1. Declare no winner and eliminate Kenley, which the judges clearly were ready to do.

2. Declare no winner and no loser, send them off with one last challenge to compete for the final 3.

When Heidi declared Jerell the winner, it should have given him an automatic in. If Jerell is eliminated as predicted, it will be an injustice.

Alan October 8, 2008 at 11:51 AM  

@ Sheri - Thanks for visiting! Yeah, we too always cringe when someone disses Gentleman Tim.

@ tbone - We're totally with you. We were surprised they named ANY winner--especially when "winning" meant bupkis. This was a total do-over, and a total disappointment. And from the editing, they sure SOUNDED like they disliked Kenley's more than anyone else's last week...

Does this mean you're coming around to our late-season conspiracy theory from last week? :-)

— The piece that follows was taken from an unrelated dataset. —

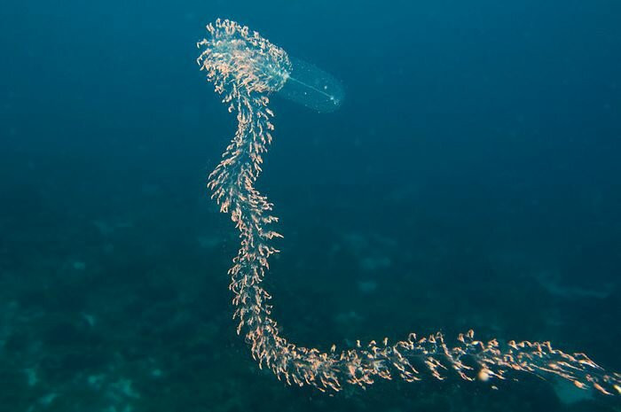 Первый тип называется гастрозооидами, их задача — кормить материнский организм и всю свою многочисленную семейку. У родительницы к чертям редуцируется пищеварительный тракт, теперь она — торпеда, тянущая за собой несколько метров детей.

Sally October 8, 2008 at 1:19 PM  

Possible Spoiler Alert - Well now this brings up something that happened in late August - after the series had started.

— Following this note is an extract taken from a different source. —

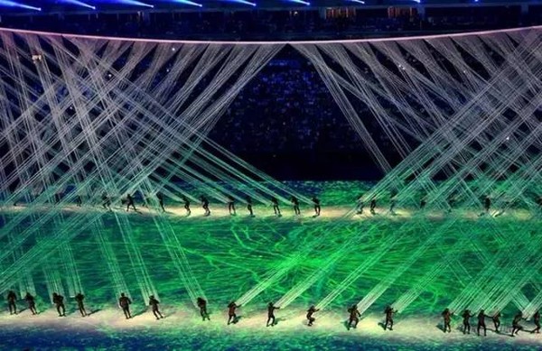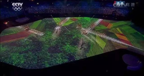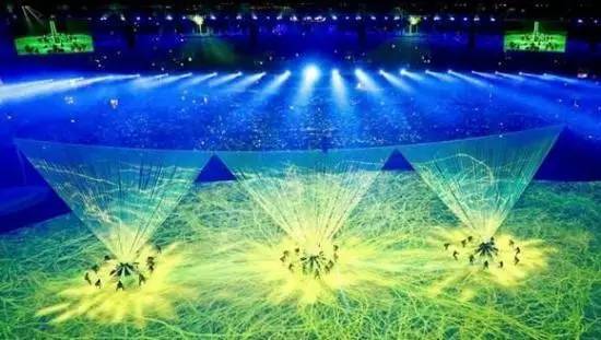 用光幕变幻出了不用的形状,表达了巴西的起源,展现了巴西原住民的生活状态

I was visiting the Bravo TV website, you know the page where somebody shows the outfits coming into their office. This was late on a Friday night - and a post came up that I unfortunately only glanced at. It had just been posted. When I realized what it was and went back about 10 minutes later, it had been removed.

It had photos of a challenge with four designers, but they had partners (for instance, Kenly was partnered with Joe for the win). I didn't pay attention to the challenge specifics, but that stuck in my mind. If that was a real post (and no reason to believe it was not) then they bring back some of the aufed designers again to work together - and Kenly and Joe have not worked together up to now.

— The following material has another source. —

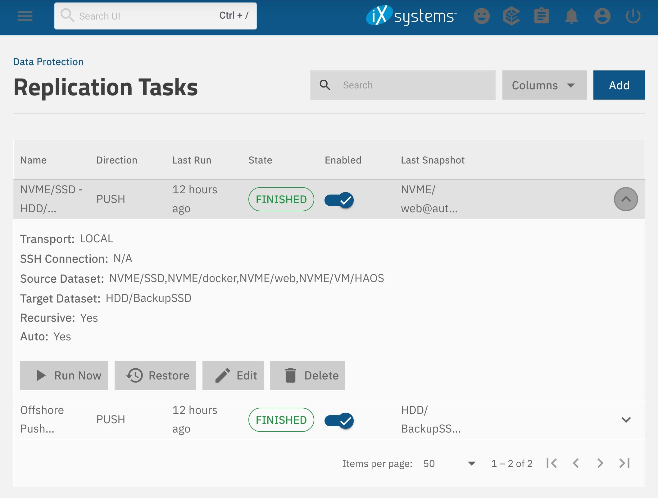 Hab das gestern noch getestet. 2 Test-Datasets erstellt. Replikationsjob von der NVMe nach HDD-Pool erstellt.

So . . . could this post have been one of the two challenges that are coming up. Because on the preview, I definitly got the idea that there was not just a challenge before they go home, but another once they get back.

What do you all think?

Love your predictions, and I think you are right on.

Emily October 8, 2008 at 1:55 PM  

Ooh Sally, that's an intriguing possibility -- and one that would also explain the photo of Joe and Jerrell goofing off. If Joe was brought back to be paired with Kenley, he and Jerrell would then be in close proximity.

The thing is, they already did the bring-back-the-auf'd thing this season. I really don't see them doing it again. Are you sure that what you saw was Joe and and not Wesley, from the "What's Your Sign" challenge? Are you sure you saw facial hair?

Sally October 8, 2008 at 2:15 PM  

Hi Emily: Yep, I know they already did the bring back the auf'd, but . . . if it was a fake, they went to a lot of effort to create four outfits to be photographed and posted on the website for 10 minutes.

I saw only photos of the outfits, not the designers - the text said that Kenly and Joe were the winners.

As I said, there appear to be two challenges - granted one is probably the wedding dress, but the second may be this other thing - and perhaps that makes a difference for Kenley?

I don't know, and am just speculatiing like everyone else.

AndreB,  October 8, 2008 at 2:50 PM  

Alan, I had a similar response to last week's episode. The whole thing just left a bad taste in the mouth. The final straw for me was when Korto - who had just said on the runway that she would take Jerell and Leanne to the final with her b/c of who they were as designers and as people - lashed out at Kenley in the waiting room, while being flanked by Jerell and Leanne. What Kenley said about Korto on the runway was not in any way close to the harshness of Korto's remarks, and yet here was Korto slapping salt into the wounds while the others silently gloated. A horribly low moment. So much so that when Tim called for a group hug even I didn't want to join in on it.

Watching the calculated previews for this week's episode I thought to myself that maybe it's a good thing after all that the show's producers stepped down at the end of the season. They seem to have run of ideas, enthusiasm, and good will. They seem not to care about anything anymore but "drama".

duneboi,  October 8, 2008 at 7:17 PM  

On one of the preview clips no longer shown, Heidi "aufs" a designer to her far left. Jerell is standing to the far left. Michael Kors calls one of the designer's creation(s) "garish". After having viewed the remaining four designer's collections, that description best fits Jerell's work.